Question

What is the best way to measure similarities / correlations of gene expression time series curves to define commonly behaving regulatory units / groups?

2

Entering edit mode

8.5 years ago

tfhahn ▴ 50

I am trying to figure out whether there is any relationship between the expression time series curve of a gene and its function. For this purpose I plotted time series plots for over 5,000 yeast genes. Unfortunately, when using the regular commonly used kind of Pearson correlations the plots get normalized by default regardless whether the expression of a gene changes a lot or not at all. That is why I am now looking for a different kind of correlation function, which does not automatically normalize before calculating correlations / similarities, but - which instead - is based on the absolute values of each curve. That way I hope to get fewer highly correlated curves even when the genes don't seem to have anything to do with one another. I only want to curves to come out as highly correlated if not only their relative shape - but especially their absolute values are also very similar. What kind of comparing function should I use for this purpose? I'd prefer R since I generated the attached plots in R. My plots show the same as those from the publication, from which I took the microarray gene expression data.

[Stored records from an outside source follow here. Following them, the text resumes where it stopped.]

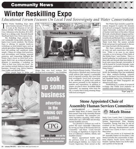 he Winter Reskilling Expo takes place Sunday, January 27 from 10 am to 4 pm at the Museum of Art and History (MAH), 705 Front Street in Santa Cruz. Admission is by donation, $5 to $25, based on a sliding scale. Proceeds benefit TimeBank Santa Cruz. Doors open at nine. The Reskilling Expo presents lowcost sustainable living-skills education to Santa Cruz County residents. The Winter Expo is offering 14 separate hands-on workshops on food-related topics such as natural agriculture, beginning beekeeping, fruit tree grafting and sauerkraut made simple. Classes on cottage food practices, seed stewardship, seed starting, seasonal preserves, and composting highlight the Winter Expo’s focus on local food sovereignty. Brett Graf, an ecological landscape designer, is presenting a workshop on “How to Turn Your Lawn into Food.” Six new teachers include Kathryn Lukas, John Bartolero, Howard Ling, Sylvia Patience, Zane Griffin and Michael Olson. “When people begin to define and
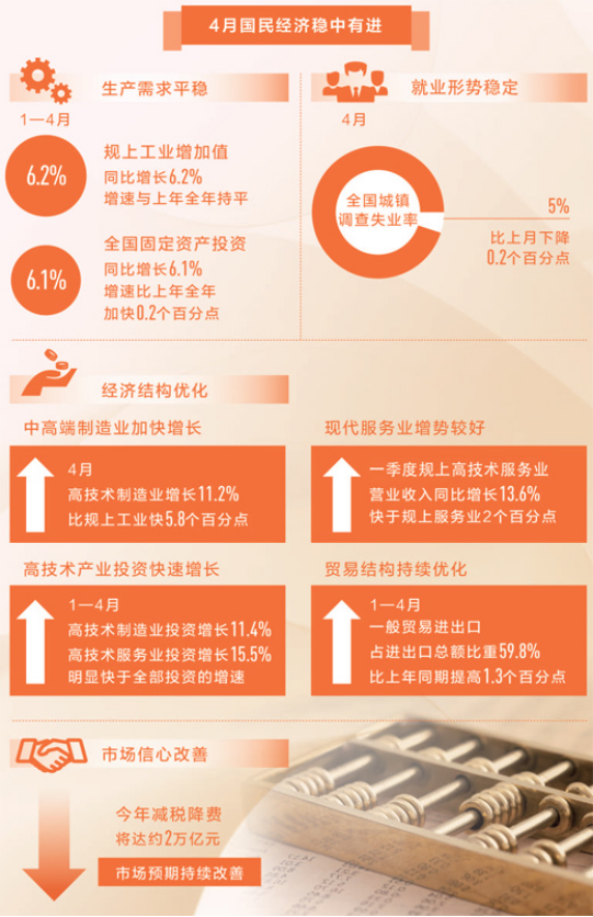 “判斷經(jīng)濟形勢還是要把這些短期因素過濾掉。從前4個月整體經(jīng)濟運行來看,總體平穩(wěn)、穩(wěn)中有進這個態(tài)勢是沒有改變的。”劉愛華說,在經(jīng)濟運行平穩(wěn)的同時,經(jīng)濟結構繼續(xù)優(yōu)化。
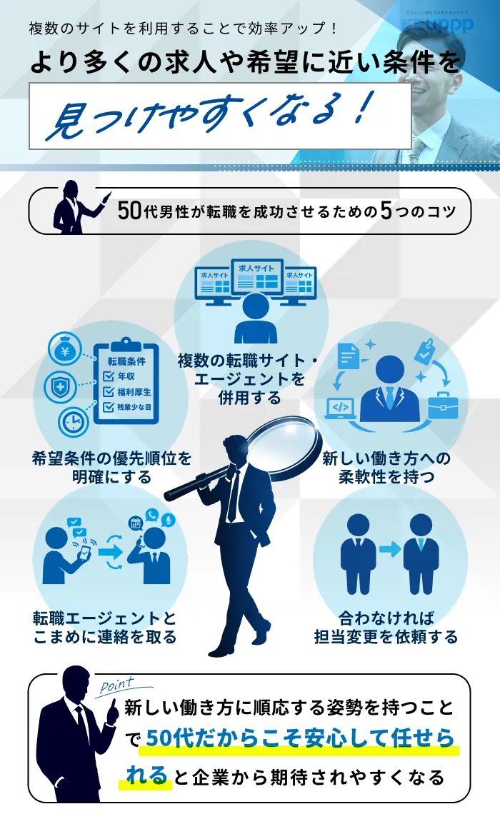 また、転職市場における50代男性の状況や、転職を成功させるための考え方、実際に役立つコツもあわせて解説しています。
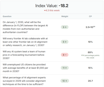 Forecastingová platforma Metaculus na konci ledna letošního roku oznámila, že pracuje na vývoji nových instrumentů, Indexů, které jsou určené především pro publikum mimo forecastingovou komunitu. Indexy mají vždy konkrétní zaměření a skrz k nim přiřazené otázky s patřičnou váhou získávají svou vlastní hodnotu. Metaculus na tvorbě prvních z nich spolupracuje se Simon Institute for Longterm Governance (téma - China AI Capabilities) a organizací AI Palace (téma - AI for Public Good). Na konci listopadu 2024 pak účastníci konference The Curve vybrali otázky, které tvoří tzv. AGI Readiness Index, který se zaměřuje na hodnocení toho, jak daleko jsme v přípravách na příchod AGI (regulatorně, technologicky, společensky, …). Vyšší hodnota indexu značí větší připravenost, nižší naopak.
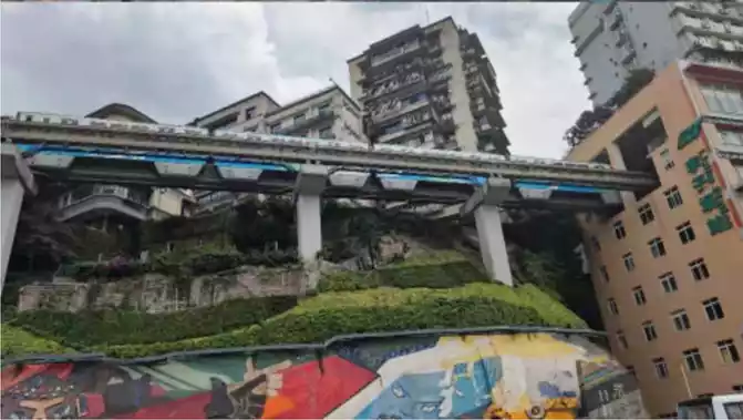 In the afternoon, I went to Liziba to visit Chongqing's most famous light rail.
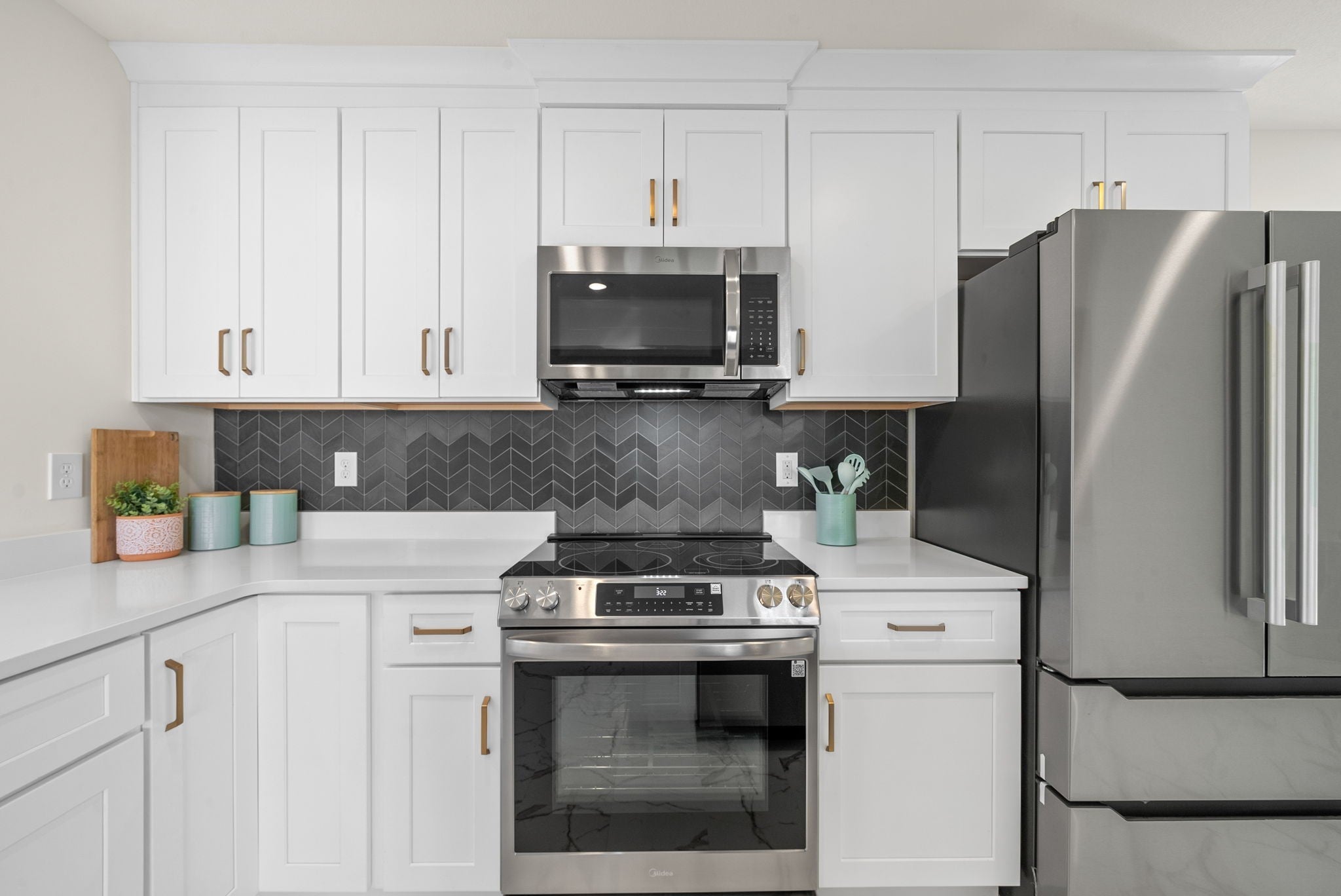- Electric Oven, Electric Range, Dishwasher, Microwave, Refrigerator, Stainless Steel Appliance(s)

I was using the following study:

"Global control of cell-cycle transcription by coupled CDK and network oscillators" by

David A. Orlando, Charlenter link description herees Y. Lin, Allister Bernard, Jean Y. Wang, Joshua E. S. Socolar, Edwin S. Iversen, Alexander J. Hartemink & Steven B. Haase doi:10.1038/nature06955 (http://www.[enter link description here][2]nature.com/nature/journal/v453/n7197/edsumm/e080612-19.html)

I was able to replicate their results although I intentionally did not normalize because I feel normalizing is cheating and treating some genes unfairly.

My results look similar to theirs in figure 2 (see http://www.nature.com/nature/journal/v453/n7197/fig_tab/nature06955_F2.html#figure-title)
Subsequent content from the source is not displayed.